# Data for processing
===============
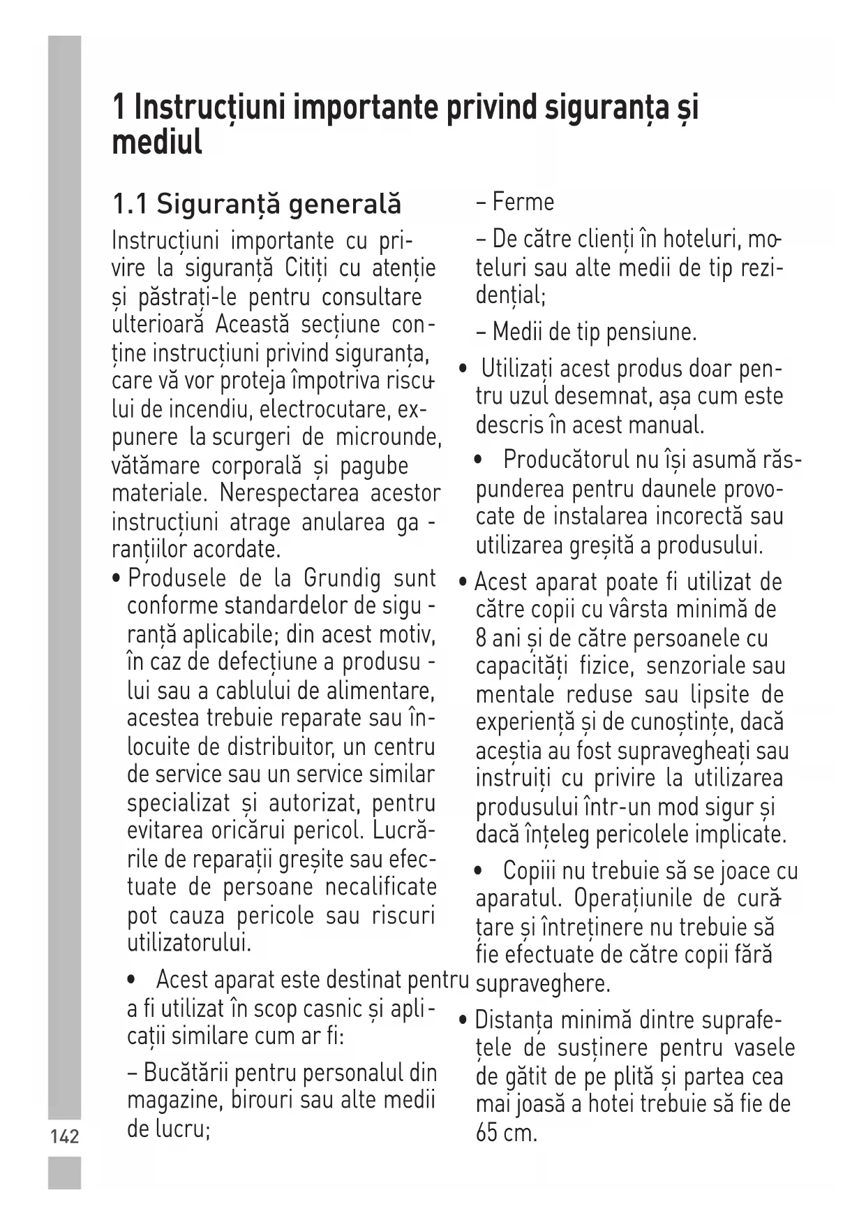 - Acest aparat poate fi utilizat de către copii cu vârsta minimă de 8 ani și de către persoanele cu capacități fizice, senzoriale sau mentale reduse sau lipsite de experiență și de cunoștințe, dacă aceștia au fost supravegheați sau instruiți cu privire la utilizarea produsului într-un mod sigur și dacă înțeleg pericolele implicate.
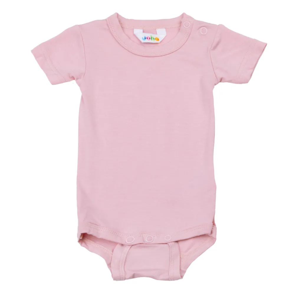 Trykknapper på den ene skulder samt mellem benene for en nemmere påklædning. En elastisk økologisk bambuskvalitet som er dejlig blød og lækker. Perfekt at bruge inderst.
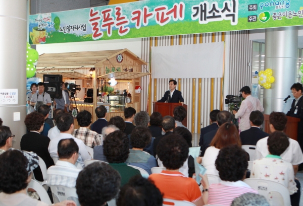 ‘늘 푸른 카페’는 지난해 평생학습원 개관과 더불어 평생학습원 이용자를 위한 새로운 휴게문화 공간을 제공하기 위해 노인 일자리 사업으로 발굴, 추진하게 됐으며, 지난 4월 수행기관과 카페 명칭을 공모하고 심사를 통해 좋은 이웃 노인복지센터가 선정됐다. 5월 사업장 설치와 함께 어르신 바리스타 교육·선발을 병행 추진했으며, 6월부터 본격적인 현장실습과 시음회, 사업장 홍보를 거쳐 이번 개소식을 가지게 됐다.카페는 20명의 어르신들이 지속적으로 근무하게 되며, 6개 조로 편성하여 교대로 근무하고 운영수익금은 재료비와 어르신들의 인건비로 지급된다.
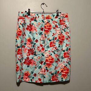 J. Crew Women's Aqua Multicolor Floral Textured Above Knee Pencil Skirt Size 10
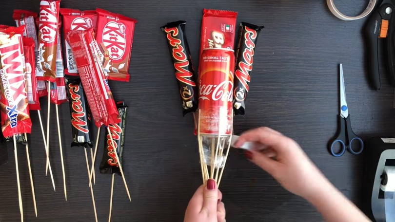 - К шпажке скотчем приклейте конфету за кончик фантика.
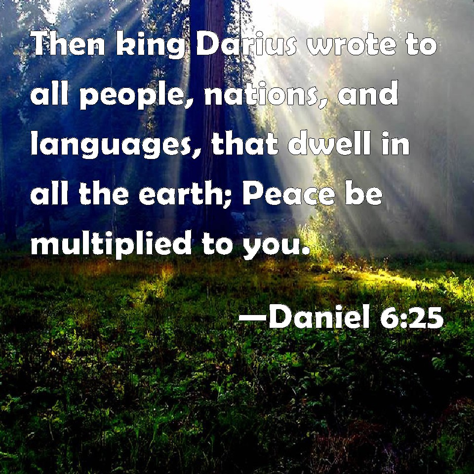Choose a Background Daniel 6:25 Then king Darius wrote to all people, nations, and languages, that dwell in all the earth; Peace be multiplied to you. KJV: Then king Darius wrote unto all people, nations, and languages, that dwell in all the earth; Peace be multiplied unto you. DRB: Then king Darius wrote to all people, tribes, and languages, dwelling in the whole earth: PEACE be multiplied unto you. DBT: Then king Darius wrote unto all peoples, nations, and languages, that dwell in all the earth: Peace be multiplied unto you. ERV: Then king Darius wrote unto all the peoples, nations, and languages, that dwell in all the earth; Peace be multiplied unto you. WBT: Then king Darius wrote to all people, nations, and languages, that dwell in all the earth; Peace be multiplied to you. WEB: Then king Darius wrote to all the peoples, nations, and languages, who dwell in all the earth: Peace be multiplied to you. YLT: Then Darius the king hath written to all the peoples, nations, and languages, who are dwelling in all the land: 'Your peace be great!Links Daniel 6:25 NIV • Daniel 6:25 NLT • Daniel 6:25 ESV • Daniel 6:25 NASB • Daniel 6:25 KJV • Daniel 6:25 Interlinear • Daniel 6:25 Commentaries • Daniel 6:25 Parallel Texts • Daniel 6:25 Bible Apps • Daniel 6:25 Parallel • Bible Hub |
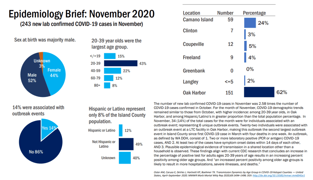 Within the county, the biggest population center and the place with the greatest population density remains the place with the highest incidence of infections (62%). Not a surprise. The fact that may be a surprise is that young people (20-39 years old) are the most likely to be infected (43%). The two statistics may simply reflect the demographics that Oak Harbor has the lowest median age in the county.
===============
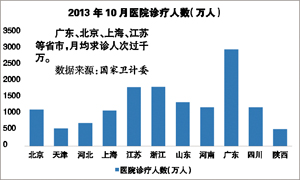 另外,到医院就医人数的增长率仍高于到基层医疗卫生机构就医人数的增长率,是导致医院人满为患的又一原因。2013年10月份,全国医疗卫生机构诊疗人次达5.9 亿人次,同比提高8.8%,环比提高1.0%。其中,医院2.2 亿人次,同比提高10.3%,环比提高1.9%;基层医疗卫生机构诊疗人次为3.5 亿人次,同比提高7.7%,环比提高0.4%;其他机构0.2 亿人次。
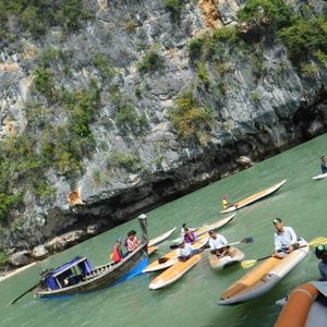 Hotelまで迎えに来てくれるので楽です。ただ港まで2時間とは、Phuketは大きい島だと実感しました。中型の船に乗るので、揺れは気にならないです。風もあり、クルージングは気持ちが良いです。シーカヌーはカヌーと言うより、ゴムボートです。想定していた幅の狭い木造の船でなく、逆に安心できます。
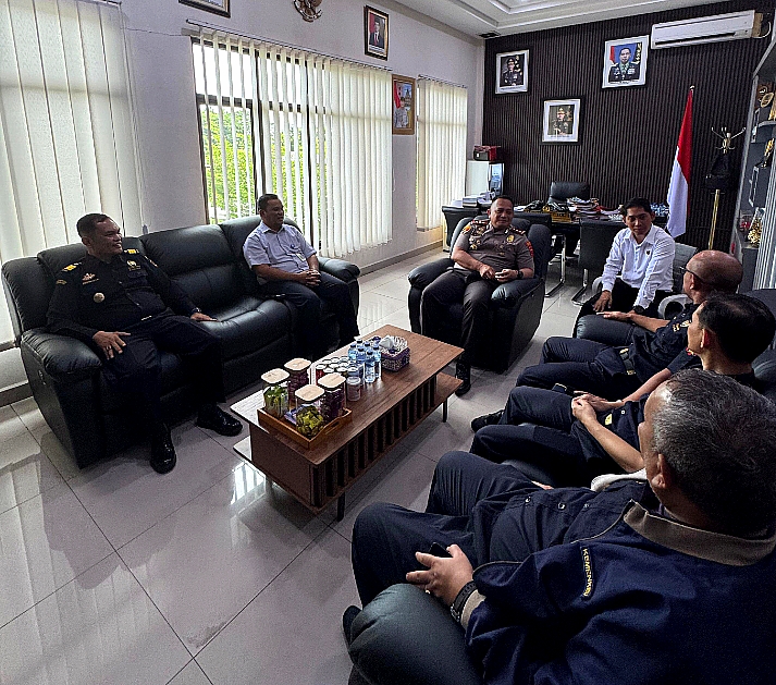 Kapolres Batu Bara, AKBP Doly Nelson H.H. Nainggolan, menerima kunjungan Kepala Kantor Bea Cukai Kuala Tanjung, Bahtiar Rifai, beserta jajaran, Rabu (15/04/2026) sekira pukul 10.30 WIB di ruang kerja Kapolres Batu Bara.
===============
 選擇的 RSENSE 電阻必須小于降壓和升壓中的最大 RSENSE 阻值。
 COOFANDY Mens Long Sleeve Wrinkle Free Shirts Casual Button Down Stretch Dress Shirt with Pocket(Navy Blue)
===============
# The task
Pictures do not belong in the answer. Return the lines above starting at the one with "어르신들의 인건비로 지급된다." and ending at the one with "- К шпажке скотчем", both kept, exactly.

# Answer for the task
 ‘늘 푸른 카페’는 지난해 평생학습원 개관과 더불어 평생학습원 이용자를 위한 새로운 휴게문화 공간을 제공하기 위해 노인 일자리 사업으로 발굴, 추진하게 됐으며, 지난 4월 수행기관과 카페 명칭을 공모하고 심사를 통해 좋은 이웃 노인복지센터가 선정됐다. 5월 사업장 설치와 함께 어르신 바리스타 교육·선발을 병행 추진했으며, 6월부터 본격적인 현장실습과 시음회, 사업장 홍보를 거쳐 이번 개소식을 가지게 됐다.카페는 20명의 어르신들이 지속적으로 근무하게 되며, 6개 조로 편성하여 교대로 근무하고 운영수익금은 재료비와 어르신들의 인건비로 지급된다.
 J. Crew Women's Aqua Multicolor Floral Textured Above Knee Pencil Skirt Size 10
 - К шпажке скотчем приклейте конфету за кончик фантика.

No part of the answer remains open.